_WORK ITEM_: Images are to be excluded, and the rest of the data repeated exactly.
START AVAILABLE DATA
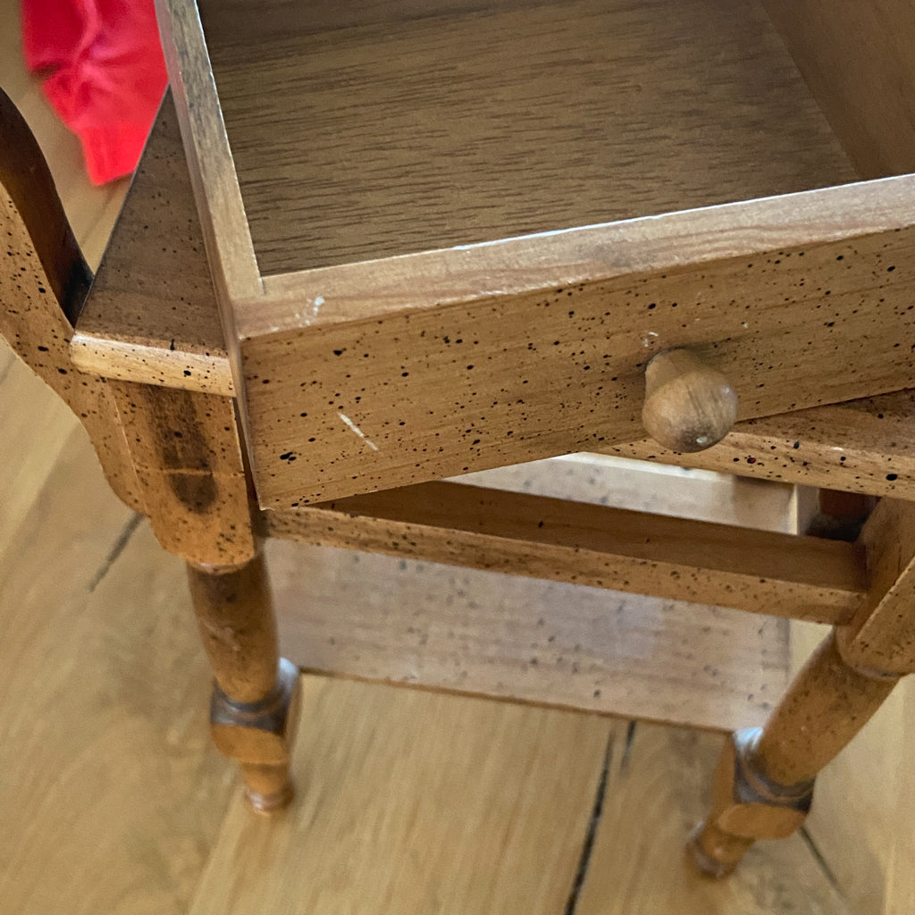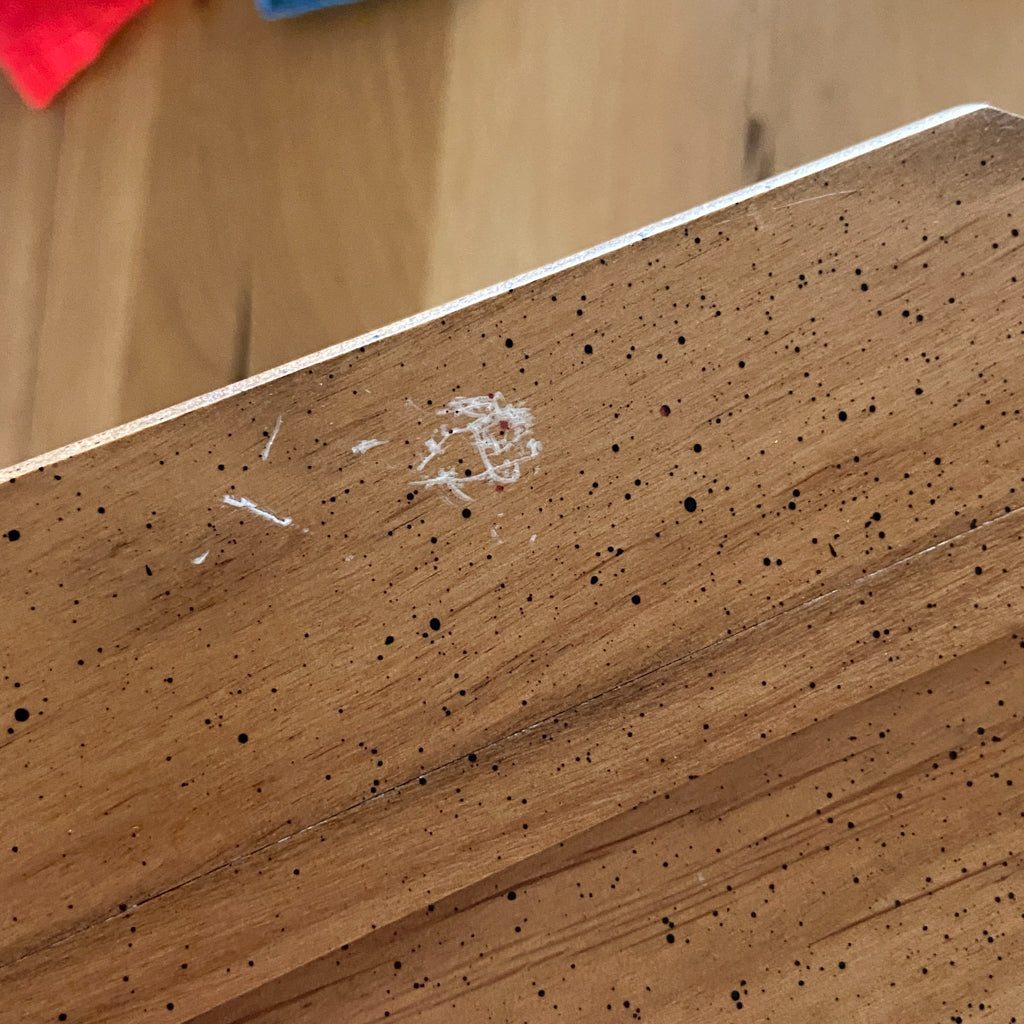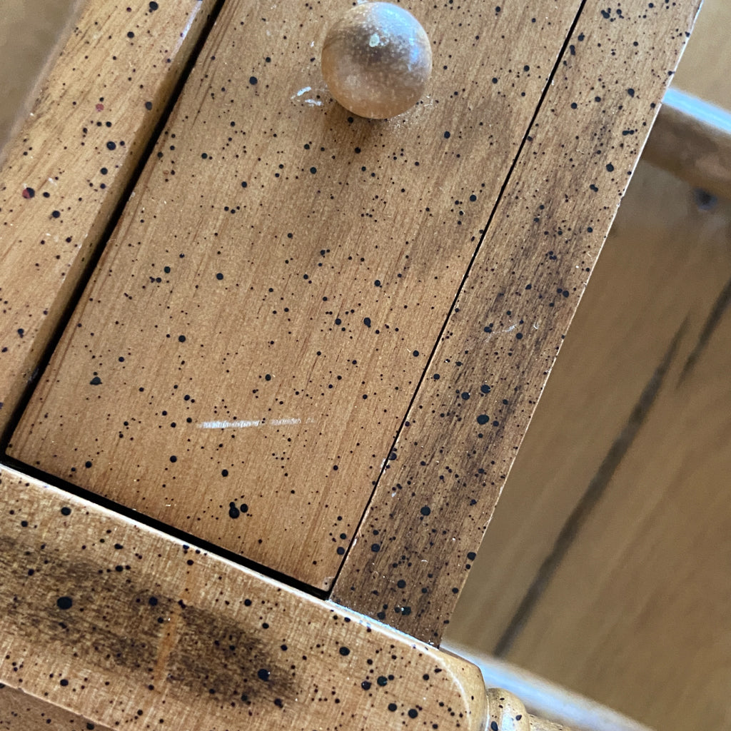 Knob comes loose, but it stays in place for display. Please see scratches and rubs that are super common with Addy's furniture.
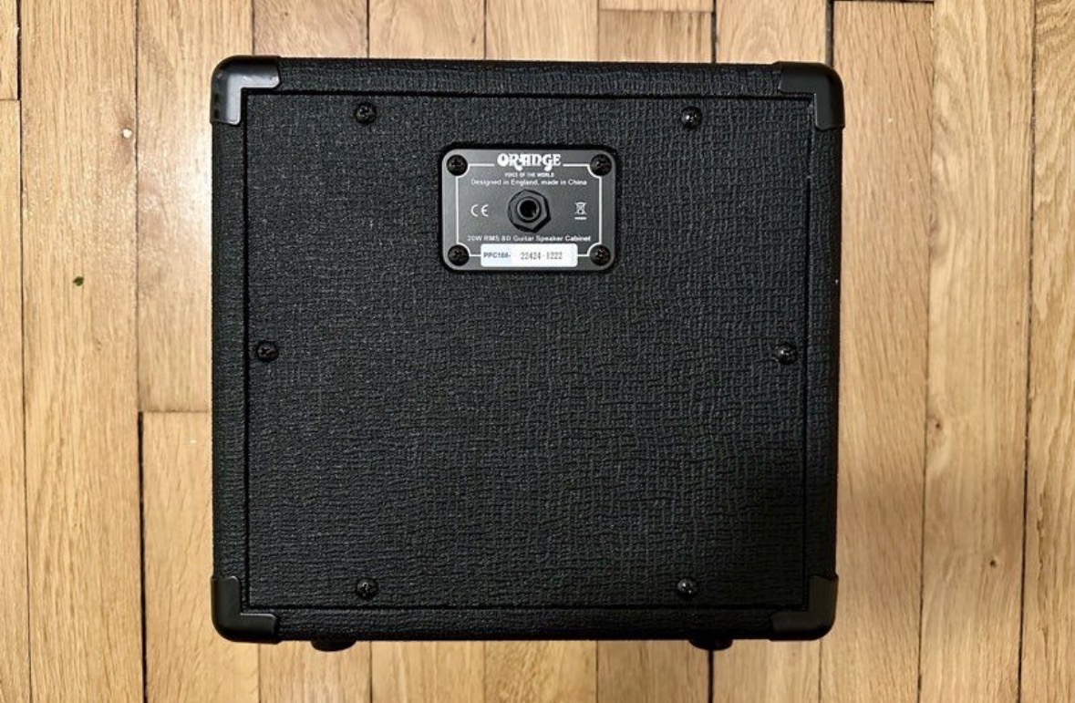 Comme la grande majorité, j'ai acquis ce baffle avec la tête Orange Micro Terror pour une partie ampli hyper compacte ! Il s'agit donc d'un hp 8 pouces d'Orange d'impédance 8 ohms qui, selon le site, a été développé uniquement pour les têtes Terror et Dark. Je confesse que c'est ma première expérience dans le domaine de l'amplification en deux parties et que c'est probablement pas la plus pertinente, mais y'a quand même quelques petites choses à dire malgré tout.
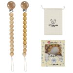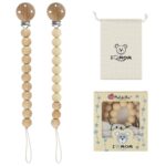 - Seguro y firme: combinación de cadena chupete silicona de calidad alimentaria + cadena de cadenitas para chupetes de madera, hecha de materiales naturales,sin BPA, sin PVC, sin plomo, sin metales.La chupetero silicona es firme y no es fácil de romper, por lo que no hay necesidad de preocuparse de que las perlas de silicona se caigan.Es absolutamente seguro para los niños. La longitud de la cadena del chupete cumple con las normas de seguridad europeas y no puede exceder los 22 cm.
END AVAILABLE DATA
_RESULT OF THE TASK_:
 Knob comes loose, but it stays in place for display. Please see scratches and rubs that are super common with Addy's furniture.
 Comme la grande majorité, j'ai acquis ce baffle avec la tête Orange Micro Terror pour une partie ampli hyper compacte ! Il s'agit donc d'un hp 8 pouces d'Orange d'impédance 8 ohms qui, selon le site, a été développé uniquement pour les têtes Terror et Dark. Je confesse que c'est ma première expérience dans le domaine de l'amplification en deux parties et que c'est probablement pas la plus pertinente, mais y'a quand même quelques petites choses à dire malgré tout.
 - Seguro y firme: combinación de cadena chupete silicona de calidad alimentaria + cadena de cadenitas para chupetes de madera, hecha de materiales naturales,sin BPA, sin PVC, sin plomo, sin metales.La chupetero silicona es firme y no es fácil de romper, por lo que no hay necesidad de preocuparse de que las perlas de silicona se caigan.Es absolutamente seguro para los niños. La longitud de la cadena del chupete cumple con las normas de seguridad europeas y no puede exceder los 22 cm.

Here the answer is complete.